Most companies ought to have an IT department. This appears to be an obvious observation. However, it is worth recognizing that, in the memories of more than half the working population of the US, a company department organized solely around information technology was unheard of. The IT department has evolved from a narrowly focused data processing element of the accounting department to a function that supports and, in many cases, drives, nearly every area of the company. This has happened in a mere 40 years. Stand-alone IT departments are a relatively recent development. The number of people working in technology-related jobs grew six times faster between 1983 and 1998 than the US workforce at large. Information technology related industries doubled their share of the US economy between 1977 and 1998. Practically overnight, technology related services have become a global, trillion-dollar industry.
The principle driver behind this remarkable, rapid creation of a vibrant, sophisticated, and enormous industry and the attendant inclusion of a department dedicated to it in every credible company, is the quest for business productivity improvement.
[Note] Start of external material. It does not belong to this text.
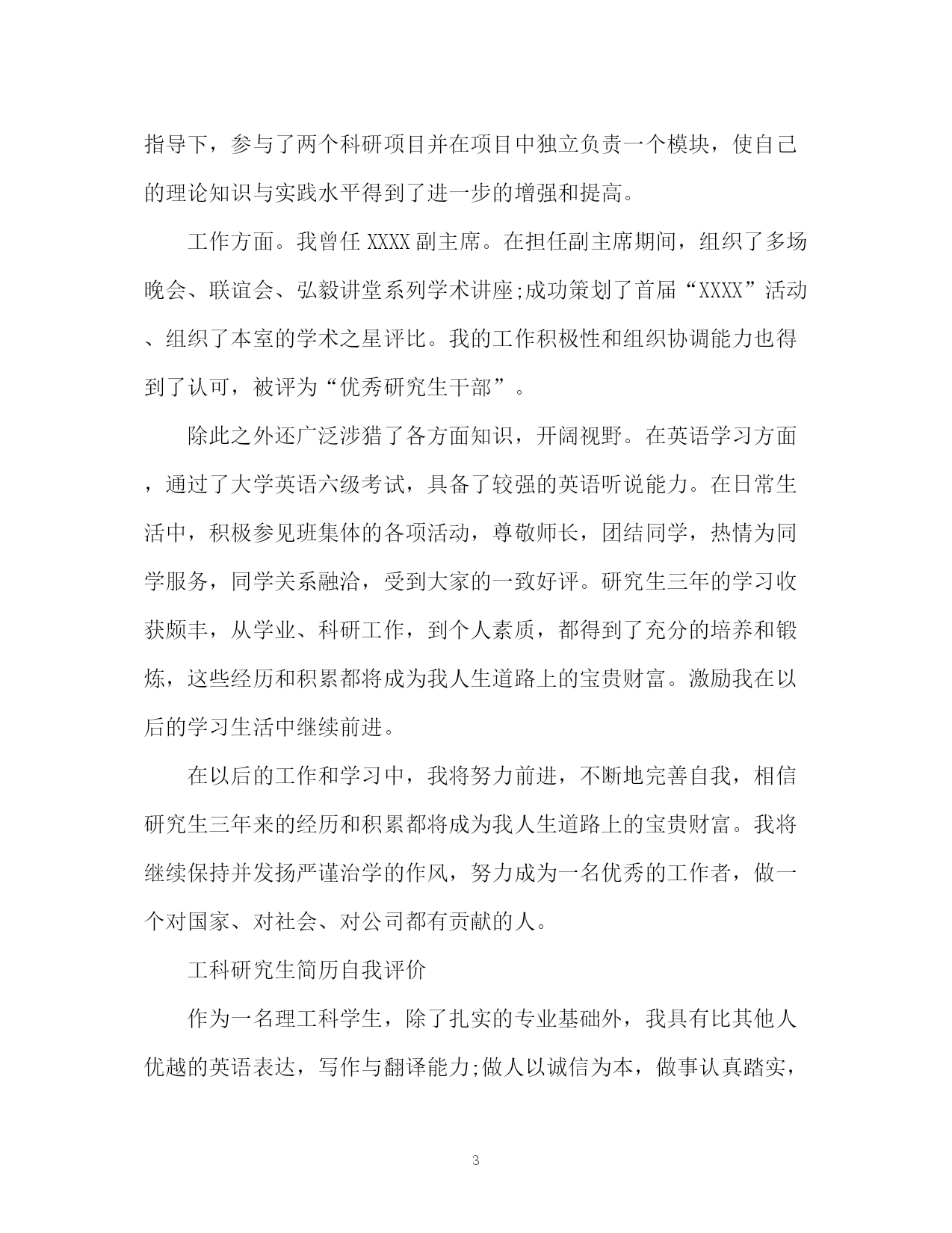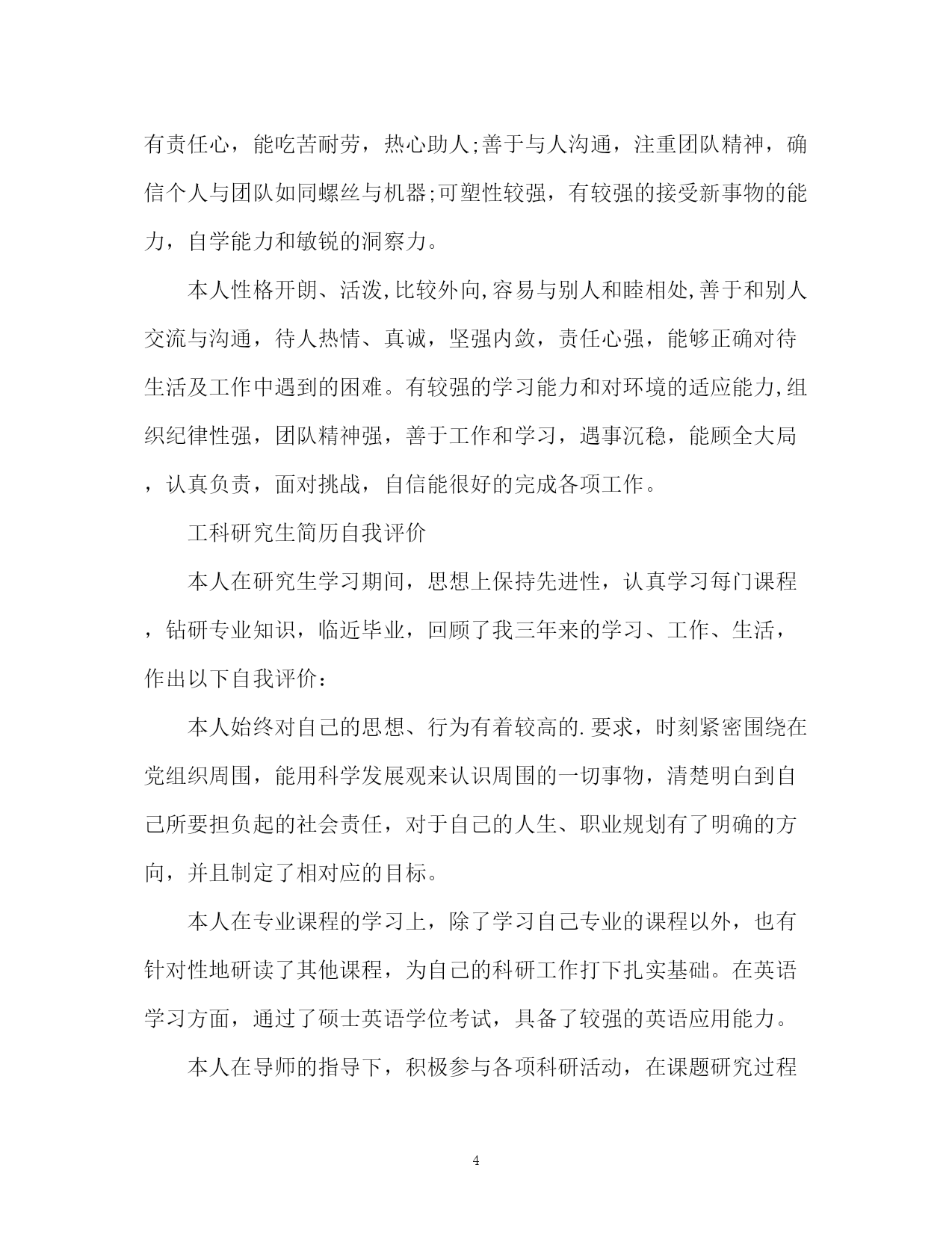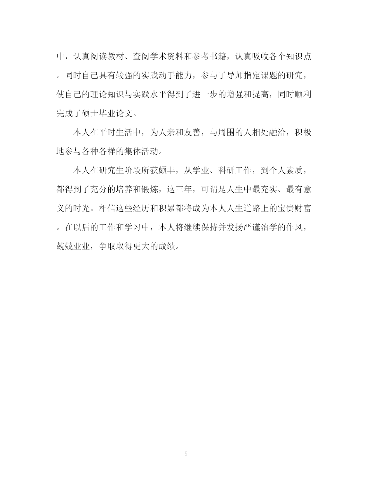 此资料由网络收集而来,如有侵权请告知上传者立即删除。资料共分享,我们负责传递知识。PAGEPAGE5工科研究生简历自我评价工科研究生简历自我评价众所周知,在求职找工作中简历是必不可少的,一份好的简历中的自我评价一定是出色的,那么,怎么把自我评价写的好呢?来看看范文吧。以下是小编搜集整理的工科研究生简历自我评价,欢迎阅读,供大家参考和借鉴!更多资讯尽在自我评价栏目!工科研究生简历自我评价本人在专业课程的学习上,根据自身研究方向的要求,有针对性的认真学习了有关课程,为自己的科研工作打下扎实基础;并涉猎了一部分其他课程,开阔视野,不断完善知识结构,选修控制科学与工程系的《工程矩阵论》、数学系的《数值代数》和信息管理系的《知识管理》等课程,对本人研究方向的应用背景以及整个学科的结构有了宏观的认识;学习matlab、mathematica、spss、eviews、lingo、visio和origin等软件;研读一定量的中英文文献,阅读了十多本英文专著,具备了较强的英语听说读写译能力;不断向老师、师兄师姐和同学请教,成绩有很大进步。工科研究生简历自我评价本人非常珍惜读研的机会,在读研期间,我一直不忘让自己变得更加出色,我在研究生阶段所获颇丰,从学业、科研工作,到个人素质,都得到了充分的培养和锻炼,这三年是最充实、有意义的三年。三年来本人思想上要求上进,认真学习,努力钻研专业知识,毕业之际,回望过去的日子,不禁让我感慨万千:这一段时光不但让充实了自我,而且也让我结交了许多良师益友;这段岁月不仅仅只是难忘,而是让我刻苦铭心。年华虽逝坚,带不走的记忆却历历在目。思想方面。我认真学习马克思列宁主义、毛泽东思想、xxx理论和“三个代表”重要思想;留意时事政治,关心学校的改革与发展;拥护党的路线、方针和政策,能认真执行学校、实验室的决议;尊敬导师、团结同学、乐于助人、勇于奉献,具有良好的道德品质和思想修养;能遵守国家法律、法令和学校各项规章制度。作为一名中共党员和一名学生干部,我始终努力学习、积极工作,在自己进步的同时还不忘帮助别人进步,先后担任了几位同志的入党介绍人、充分发挥党员学生干部的模范带头作用。学业方面。我的研究方向为虚拟现实和仿真技术,主要研究兴趣为三维模型的简化与网络传输。学术思想活跃、学习目的明确,态度端正、学风良好,勤奋学习,刻苦钻研,成绩优秀。在所选的研究生课程中,成绩全部为优良;在国际会议发表了学术论文两篇;在导师的指导下,参与了两个科研项目并在项目中独立负责一个模块,使自己的理论知识与实践水平得到了进一步的增强和提高。工作方面。我曾任XXXX副主席。在担任副主席期间,组织了多场晚会、联谊会、弘毅讲堂系列学术讲座;成功策划了首届“XXXX”活动、组织了本室的学术之星评比。我的工作积极性和组织协调能力也得到了认可,被评为“优秀研究生干部”。除此之外还广泛涉猎了各方面知识,开阔视野。在英语学习方面,通过了大学英语六级考试,具备了较强的英语听说能力。在日常生活中,积极参见班集体的各项活动,尊敬师长,团结同学,热情为同学服务,同学关系融洽,受到大家的一致好评。研究生三年的学习收获颇丰,从学业、科研工作,到个人素质,都得到了充分的培养和锻炼,这些经历和积累都将成为我人生道路上的宝贵财富。激励我在以后的学习生活中继续前进。在以后的工作和学习中,我将努力前进,不断地完善自我,相信研究生三年来的经历和积累都将成为我人生道路上的宝贵财富。我将继续保持并发扬严谨治学的作风,努力成为一名优秀的工作者,做一个对国家、对社会、对公司都有贡献的人。工科研究生简历自我评价作为一名理工科学生,除了扎实的专业基础外,我具有比其他人优越的英语表达,写作与翻译能力;做人以诚信为本,做事认真踏实,有责任心,能吃苦耐劳,热心助人;善于与人沟通,注重团队精神,确信个人与团队如同螺丝与机器;可塑性较强,有较强的接受新事物的能力,自学能力和敏锐的洞察力。本人性格开朗、活泼,比较外向,容易与别人和睦相处,善于和别人交流与沟通,待人热情、真诚,坚强内敛,责任心强,能够正确对待生活及工作中遇到的困难。有较强的学习能力和对环境的适应能力,组织纪律性强,团队精神强,善于工作和学习,遇事沉稳,能顾全大局,认真负责,面对挑战,自信能很好的完成各项工作。工科研究生简历自我评价本人在研究生学习期间,思想上保持先进性,认真学习每门课程,钻研专业知识,临近毕业,回顾了我三年来的学习、工作、生活,作出以下自我评价:本人始终对自己的思想、行为有着较高的.要求,时刻紧密围绕在党组织周围,能用科学发展观来认识周围的一切事物,清楚明白到自己所要担负起的社会责任,对于自己的人生、职业规划有了明确的方向,并且制定了相对应的目标。本人在专业课程的学习
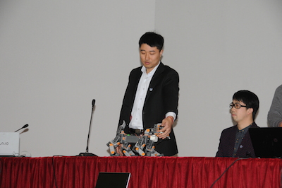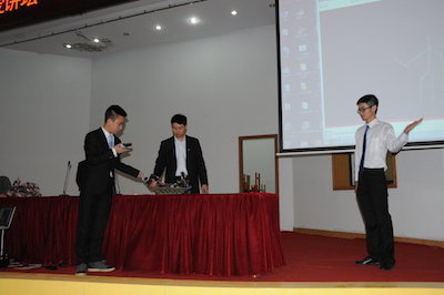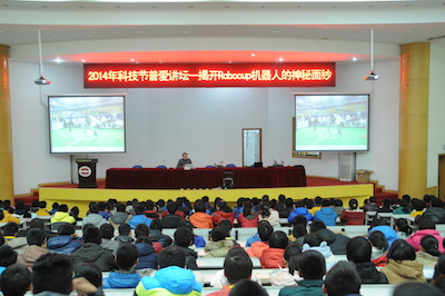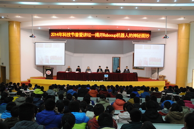 下午两点,伴随着91暗网 宣传片的播放,2014年新海高级中学科技节南邮专场拉开帷幕。首先,由丁静书记介绍了91暗网 的人才培养、学科建设等发展近况,并感谢新海高级中学为91暗网 输送的优秀人才,他们进入南邮后,学习勤奋,刻苦钻研,素质发展全面。随后,梁志伟副教授以“揭开RoboCup机器人的神秘面纱”为题,开始了专题讲座,讲座中提到了91暗网 Apollo团队多次获得世界冠军、中国冠军的骄人成绩并为中学生介绍了RoboCup机器人大赛的组别和规则。最后,由基地4名学生为大家演示了机器狗、TurtleBot以及在91暗网 第十六届创新杯中刚刚夺得一等奖的“服务残疾人的Kinect体感遥控机器”。

The notion of technology investments as a driver of US business productivity has a controversial history. The benefits of technology investments (and IT departments) were not always so apparent. Productivity growth in the US faltered from the mid-1970s through the early 1990s, in spite of large technology investments from most major US corporations. The disconnect between heavy capital and expense investment and the theoretically associated improvements in productivity led to a so-called productivity paradox. In reaction to the failure of such large investments to produce the expected productivity gains, MIT Nobel Laureate Robert Solow famously remarked in 1987, “You can see the computer age everywhere but in the productivity statistics.” More recent research suggests that the productivity benefits from the deployment of technology have had a massive, albeit delayed, impact on the US and world economy.
A variety of researchers have concluded that investments in IT have been instrumental in the improved productivity seen in the US economy beginning in the mid 1990s. In early 2000, the Federal Reserve gave information technology investments credit for approximately $50 billion in productivity improvement, which represents more than 65% of the total $70 billion in productivity gains seen by businesses in the US in the last half of 1990s.
The Federal Reserve staff report, by Kevin J Stiroh, concluded, “Industry-level data show a broad productivity resurgence that reflects both the production and the use of IT. The most IT-intensive industries experienced significantly larger productivity gains than other industries.” The report went even further, attributing most of the productivity improvement to technology. “Results show that virtually all of the aggregate productivity acceleration can be traced to the industries that either produce IT or use IT most intensively.”
Business 2.0 magazine summarized the turnabout in top economic thinkers viewpoints on the productivity gains from technology, saying that those gains: …materialized in force beginning in 1995. What followed was a five year run in which productivity grew an astonishing 2.8 percent a year, or double the rate of the previous two decades. (The numbers may sound small, but at 2.8 percent, living standards double every 25 years; at 1.4 percent, they double every 50.)